The previous text was written in a world in which Research (pursued by universities, hospitals, public R&D centers) had to be linked to the Industry. Today (more than a dozen years after the previous text was written) we have a “new world” in which STARTUPS have been configured as the most powerful source of technology, innovation and disruption. In this world of startups, making a simile with the previous typologies, we can have:

1) Accelerators and certain consultancy companies, oriented to grow startups, as well as M&A experts, that facilitate their final acquisition process.

2) Corporate Venturing programs, oriented to corporations and their needs and to cover them through startups.

QUANTION, in our actual world, is a company that knows how to detect the needs of its customers (medium and large companies and also institutions) and find the solution in the STARTUPS. QUANTION analyzes those needs and has, in addition to its own experts, a portfolio of solutions based on disruptive startups that have been selected from all over the world. For example in fields such as virtual reality and interactive 3D, augmented reality, smart e-commerce, gamification, internet of things, geolocation, etc.

Therefore, in addition to being technology providers, QUANTION is a Corporate Venturing Program. But it is an evolution of the Corporate Venturing programs that we are developing here in our ecosystem. Put simply, I think there are two types of Corporate programs:

1) Those that contribute (to the corporations that promote them) with technology and innovation to influence their current products and also the products those corporations should have in the short or medium term. It is a very pragmatic model, very “business-oriented”.

2) Those that are an incursion in the future, which seek to identify potentially disruptive technology that will complement, replace or threaten future products of the company, or its business model. This is a model of expectations and risks, more “speculative”, surely more disordered as well.

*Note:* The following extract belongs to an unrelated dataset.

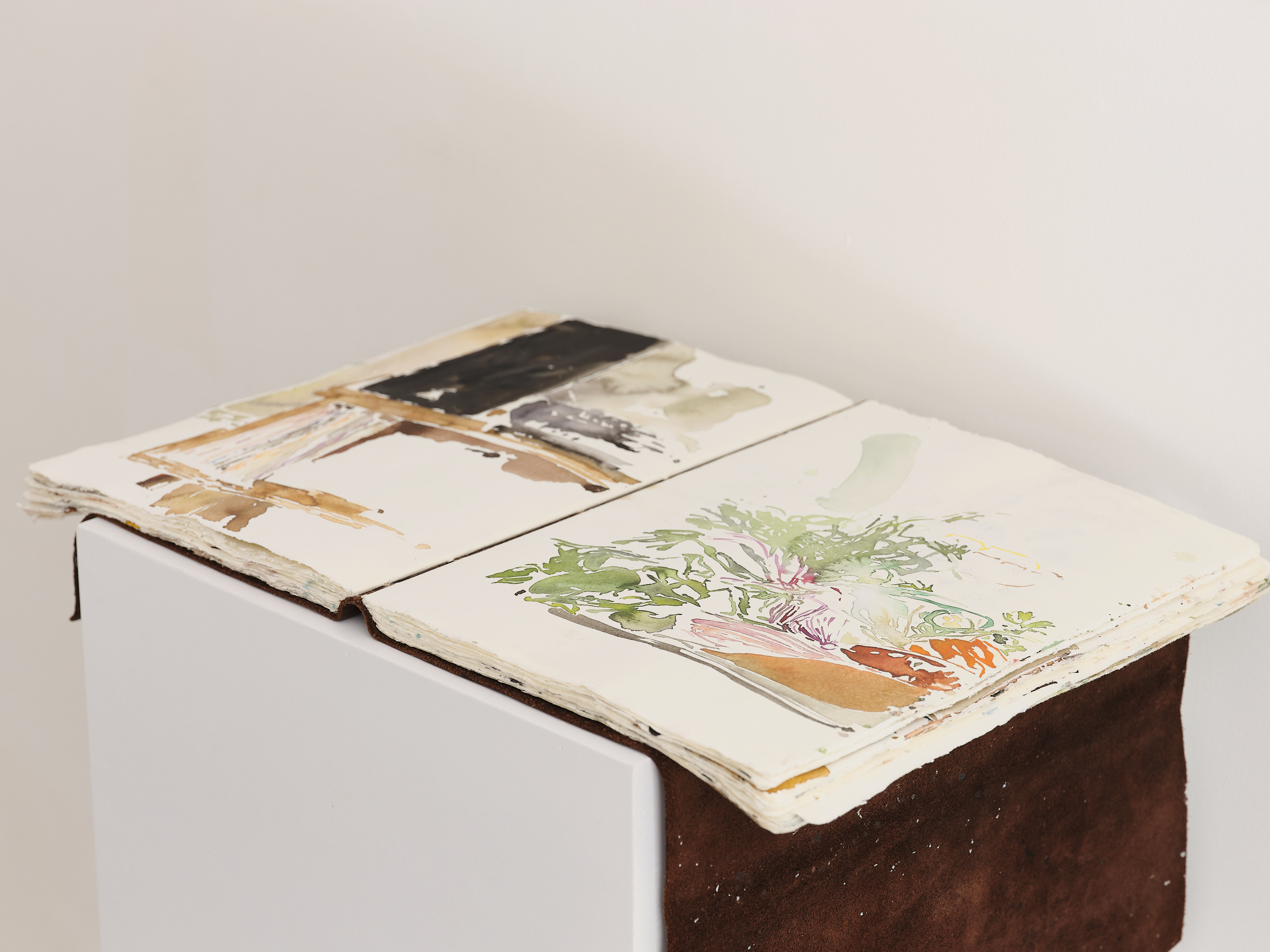 Mernin works through an inspirational image or encounter, pushing representation to the very limits of legibility and activating the unwieldy significance of gesture. He uses watercolor, ink, and graphite on paper to develop these inquiries into form, gesture, and meaning making. Works of art in their own right, Mernin’s works on paper offer insight into the many moments of perception and representation that accumulate while he gestates his larger paintings.

Here in our environment, every company that develops Corporate Venturing programs tries to define its own model. Frequently, elements of each typology are mixed. But paradoxically it is more complicated to influence the short and medium term. It seems easier to develop models that do not have the pressure of immediacy (when evidently the results in these models will be more complicated to achieve).

QUANTION belongs to the first type. It is a pragmatic corporate program that provides, based on selected startups from around the world, technology and innovation for current or immediate corporate products. From another point of view, QUANTION assumes the new role that seems to correspond to the business consultants in the future: the connection between the disruption and the client companies of these consultancies. I remember a conference of the President of EVERIS, Fernando Frances, in which he affirmed that idea and justified thus the effort of Everis to construct a great database of world startups.

In conclusion: Congratulations to QUANTION for your good work and your technological leadership !!